脳腫瘍に関して、手術後、髪はいつから洗えますか?
病院によりますが、手術後3,4日目から洗えるところが多いと思います。傷の近くに血糊が付いていることによる菌の繁殖を抑えるためです。
脳腫瘍に関して、手術後、してはいけないことはありますか?
頭皮に傷があるため、パーマ液や、いわゆる毛染めのような刺激の強いものは、3ヶ月程度は避けて下さい。 また海・プール・温泉などは、雑菌が多いため、やはり避けていただく方が無難です。
脳腫瘍に関して、てんかんの薬を処方されましたが、ずっと飲む必要があるのでしょうか?
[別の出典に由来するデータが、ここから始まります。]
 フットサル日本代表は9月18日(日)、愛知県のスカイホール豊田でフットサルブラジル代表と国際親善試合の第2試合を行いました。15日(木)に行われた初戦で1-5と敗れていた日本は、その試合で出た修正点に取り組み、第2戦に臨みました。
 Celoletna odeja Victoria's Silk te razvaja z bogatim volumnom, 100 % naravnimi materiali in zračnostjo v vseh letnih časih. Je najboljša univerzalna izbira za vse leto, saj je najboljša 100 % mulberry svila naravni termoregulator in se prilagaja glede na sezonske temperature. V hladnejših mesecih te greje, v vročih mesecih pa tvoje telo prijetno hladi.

てんかん発作によって脳腫瘍が見つかった場合や、手術後に痙攣発作があった場合には、通常、半年程度は飲んでいただきます。発作が全くない場合には、脳波を確認し、減量することも考えます。退院後も発作がある場合には、長期に内服が必要と考えていただくほうが良いと思われます。
脳腫瘍がある場合、妊娠はできますか?
髄膜腫という種類の良性脳腫瘍では、成長に女性ホルモンが関与していることがあり、妊娠中に急速に大きくなる例が報告されています。髄膜腫が疑われていて、経過を見られている場合には担当医にご相談ください。
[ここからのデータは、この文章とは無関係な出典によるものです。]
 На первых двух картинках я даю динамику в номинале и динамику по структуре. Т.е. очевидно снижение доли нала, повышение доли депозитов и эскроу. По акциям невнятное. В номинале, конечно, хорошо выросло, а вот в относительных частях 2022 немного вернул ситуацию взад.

悪性脳腫瘍の際の化学療法ではアルキル化剤という薬剤を用いますが、この種類の薬によって卵巣機能が障害を受けることが知られています。また脳に放射線治療を行うことでホルモンの分泌異常が起こることも指摘されています。これに対してはホルモンに似た薬を投与することで防ぐ方法が、他の部位の悪性腫瘍では行われています。 脳腫瘍の方では、このような報告はまだ少ないようです。 小児の悪性脳腫瘍に対しては、強力な化学療法と放射線治療が行われます。その結果、ホルモンの分泌異常がしばしば起こると考えられますが、もともと生存率が低かったため、生殖可能年齢になった時の状況に関して、詳しい報告はないようです。
携帯電話を使うと脳腫瘍になるという話を聞きましたが、そのようなことはあるのでしょうか?
医療や健康については様々な説が広がっていますので、ご心配になることも多いかと思います。 医学的には、携帯電話と脳腫瘍について関連性を調査した研究があります。しかし、その研究でも携帯電話によって脳腫瘍ができやすくなるという説を裏付ける結果にはなっていません。過度に心配することなく、通常通りの生活を送られて構いません。